Source material Start Marker

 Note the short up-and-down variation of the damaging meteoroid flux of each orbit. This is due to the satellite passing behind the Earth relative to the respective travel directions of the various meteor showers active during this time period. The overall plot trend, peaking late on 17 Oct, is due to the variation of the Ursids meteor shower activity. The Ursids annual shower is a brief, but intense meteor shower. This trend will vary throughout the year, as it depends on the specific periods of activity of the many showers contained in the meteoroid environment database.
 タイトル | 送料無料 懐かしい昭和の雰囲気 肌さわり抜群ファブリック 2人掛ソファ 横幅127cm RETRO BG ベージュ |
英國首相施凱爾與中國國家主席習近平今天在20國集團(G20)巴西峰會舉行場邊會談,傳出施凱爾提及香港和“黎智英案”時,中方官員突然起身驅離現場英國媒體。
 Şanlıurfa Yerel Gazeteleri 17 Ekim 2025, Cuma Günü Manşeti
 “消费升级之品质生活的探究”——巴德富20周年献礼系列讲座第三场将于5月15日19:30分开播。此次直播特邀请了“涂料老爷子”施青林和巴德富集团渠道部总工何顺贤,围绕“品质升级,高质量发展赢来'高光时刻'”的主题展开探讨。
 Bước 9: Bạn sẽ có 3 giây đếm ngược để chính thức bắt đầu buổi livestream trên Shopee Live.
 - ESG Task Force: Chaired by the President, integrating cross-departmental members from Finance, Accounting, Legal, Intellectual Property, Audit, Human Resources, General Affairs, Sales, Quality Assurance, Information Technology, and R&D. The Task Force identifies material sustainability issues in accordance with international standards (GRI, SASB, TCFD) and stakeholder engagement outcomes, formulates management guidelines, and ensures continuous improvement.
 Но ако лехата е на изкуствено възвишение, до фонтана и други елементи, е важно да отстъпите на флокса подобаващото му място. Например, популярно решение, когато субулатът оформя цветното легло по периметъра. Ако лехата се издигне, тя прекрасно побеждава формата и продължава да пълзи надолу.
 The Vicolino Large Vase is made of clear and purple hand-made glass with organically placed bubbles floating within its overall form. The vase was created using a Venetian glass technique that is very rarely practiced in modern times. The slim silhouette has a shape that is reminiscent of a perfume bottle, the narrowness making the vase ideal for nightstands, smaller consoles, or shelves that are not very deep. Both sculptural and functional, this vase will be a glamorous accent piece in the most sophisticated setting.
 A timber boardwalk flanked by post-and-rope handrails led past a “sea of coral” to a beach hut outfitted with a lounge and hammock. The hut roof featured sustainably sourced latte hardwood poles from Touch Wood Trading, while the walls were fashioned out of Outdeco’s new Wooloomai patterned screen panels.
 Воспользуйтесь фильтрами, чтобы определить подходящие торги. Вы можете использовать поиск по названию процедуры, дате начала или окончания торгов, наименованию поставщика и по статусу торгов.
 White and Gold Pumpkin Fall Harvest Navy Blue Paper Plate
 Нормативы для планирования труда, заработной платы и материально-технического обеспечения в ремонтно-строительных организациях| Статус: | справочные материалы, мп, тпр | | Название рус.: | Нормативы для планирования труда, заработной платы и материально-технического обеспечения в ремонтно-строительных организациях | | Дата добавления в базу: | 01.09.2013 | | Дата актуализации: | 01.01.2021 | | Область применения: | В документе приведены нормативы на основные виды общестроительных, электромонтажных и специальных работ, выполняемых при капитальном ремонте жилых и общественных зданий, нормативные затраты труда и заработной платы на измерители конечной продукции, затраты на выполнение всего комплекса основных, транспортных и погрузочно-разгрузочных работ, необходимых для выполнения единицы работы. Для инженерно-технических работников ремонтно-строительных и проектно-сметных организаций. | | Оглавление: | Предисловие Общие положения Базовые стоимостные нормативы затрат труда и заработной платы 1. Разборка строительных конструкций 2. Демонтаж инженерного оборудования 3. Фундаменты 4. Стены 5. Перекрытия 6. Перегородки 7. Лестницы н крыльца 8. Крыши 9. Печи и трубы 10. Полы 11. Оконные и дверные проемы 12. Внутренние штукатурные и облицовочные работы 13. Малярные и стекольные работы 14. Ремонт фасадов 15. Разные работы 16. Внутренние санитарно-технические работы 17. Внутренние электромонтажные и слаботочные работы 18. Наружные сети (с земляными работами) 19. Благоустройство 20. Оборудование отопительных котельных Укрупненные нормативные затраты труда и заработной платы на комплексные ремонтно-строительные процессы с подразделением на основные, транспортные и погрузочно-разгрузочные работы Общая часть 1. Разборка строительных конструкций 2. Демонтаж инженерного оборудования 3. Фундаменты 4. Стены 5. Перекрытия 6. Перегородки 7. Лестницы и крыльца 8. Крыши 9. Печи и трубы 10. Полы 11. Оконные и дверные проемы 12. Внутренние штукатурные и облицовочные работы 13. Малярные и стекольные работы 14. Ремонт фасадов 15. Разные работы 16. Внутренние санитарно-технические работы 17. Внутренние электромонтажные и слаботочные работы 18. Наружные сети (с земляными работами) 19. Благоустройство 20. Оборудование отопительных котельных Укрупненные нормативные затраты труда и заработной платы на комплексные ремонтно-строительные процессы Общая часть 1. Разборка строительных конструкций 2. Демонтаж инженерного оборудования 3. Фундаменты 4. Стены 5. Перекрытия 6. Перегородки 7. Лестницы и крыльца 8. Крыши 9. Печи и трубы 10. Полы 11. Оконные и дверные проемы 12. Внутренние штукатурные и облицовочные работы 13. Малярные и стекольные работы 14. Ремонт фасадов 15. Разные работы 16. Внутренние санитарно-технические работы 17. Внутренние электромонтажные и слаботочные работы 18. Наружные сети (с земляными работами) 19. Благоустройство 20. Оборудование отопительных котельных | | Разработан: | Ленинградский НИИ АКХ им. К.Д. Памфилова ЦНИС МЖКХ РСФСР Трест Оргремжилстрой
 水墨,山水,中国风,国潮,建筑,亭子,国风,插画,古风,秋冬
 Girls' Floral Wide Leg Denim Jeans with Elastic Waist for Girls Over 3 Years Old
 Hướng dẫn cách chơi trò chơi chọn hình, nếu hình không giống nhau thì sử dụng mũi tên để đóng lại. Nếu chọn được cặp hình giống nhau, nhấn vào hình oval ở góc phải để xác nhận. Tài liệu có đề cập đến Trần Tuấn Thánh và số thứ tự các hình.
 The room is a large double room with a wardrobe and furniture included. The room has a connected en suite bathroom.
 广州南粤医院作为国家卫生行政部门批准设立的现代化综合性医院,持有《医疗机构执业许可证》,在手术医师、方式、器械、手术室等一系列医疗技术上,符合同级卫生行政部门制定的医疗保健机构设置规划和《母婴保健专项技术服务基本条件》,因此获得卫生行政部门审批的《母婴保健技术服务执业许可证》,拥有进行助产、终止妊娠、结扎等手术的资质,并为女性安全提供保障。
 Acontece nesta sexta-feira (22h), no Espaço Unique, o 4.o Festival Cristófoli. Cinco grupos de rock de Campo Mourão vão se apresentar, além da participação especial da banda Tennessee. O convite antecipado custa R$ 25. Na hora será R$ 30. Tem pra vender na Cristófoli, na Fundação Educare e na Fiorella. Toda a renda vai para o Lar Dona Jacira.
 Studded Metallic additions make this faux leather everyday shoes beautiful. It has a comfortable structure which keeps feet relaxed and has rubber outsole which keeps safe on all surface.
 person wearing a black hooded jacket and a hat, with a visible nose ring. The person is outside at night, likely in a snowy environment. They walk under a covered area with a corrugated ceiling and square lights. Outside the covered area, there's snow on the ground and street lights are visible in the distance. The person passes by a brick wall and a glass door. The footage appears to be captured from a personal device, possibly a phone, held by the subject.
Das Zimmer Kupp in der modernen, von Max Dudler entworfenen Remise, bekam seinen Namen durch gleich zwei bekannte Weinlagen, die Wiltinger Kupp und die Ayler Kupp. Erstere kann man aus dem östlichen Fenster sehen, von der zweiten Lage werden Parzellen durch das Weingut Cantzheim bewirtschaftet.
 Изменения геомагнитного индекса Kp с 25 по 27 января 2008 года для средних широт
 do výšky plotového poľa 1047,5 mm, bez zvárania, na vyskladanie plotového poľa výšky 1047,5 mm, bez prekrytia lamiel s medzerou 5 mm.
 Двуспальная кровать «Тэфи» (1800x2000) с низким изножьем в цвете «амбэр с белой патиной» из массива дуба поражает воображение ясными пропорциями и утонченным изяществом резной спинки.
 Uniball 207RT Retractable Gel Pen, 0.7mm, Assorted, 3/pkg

Source material End Marker

*Exercise objective:*
The lines above starting at the one that contains "The Vicolino Large" and ending at the one that contains "Воспользуйтесь фильтрами, чтобы" must be transcribed exactly, and no other lines may appear.

*Answer to the exercise:*
 The Vicolino Large Vase is made of clear and purple hand-made glass with organically placed bubbles floating within its overall form. The vase was created using a Venetian glass technique that is very rarely practiced in modern times. The slim silhouette has a shape that is reminiscent of a perfume bottle, the narrowness making the vase ideal for nightstands, smaller consoles, or shelves that are not very deep. Both sculptural and functional, this vase will be a glamorous accent piece in the most sophisticated setting.
 A timber boardwalk flanked by post-and-rope handrails led past a “sea of coral” to a beach hut outfitted with a lounge and hammock. The hut roof featured sustainably sourced latte hardwood poles from Touch Wood Trading, while the walls were fashioned out of Outdeco’s new Wooloomai patterned screen panels.
 Воспользуйтесь фильтрами, чтобы определить подходящие торги. Вы можете использовать поиск по названию процедуры, дате начала или окончания торгов, наименованию поставщика и по статусу торгов.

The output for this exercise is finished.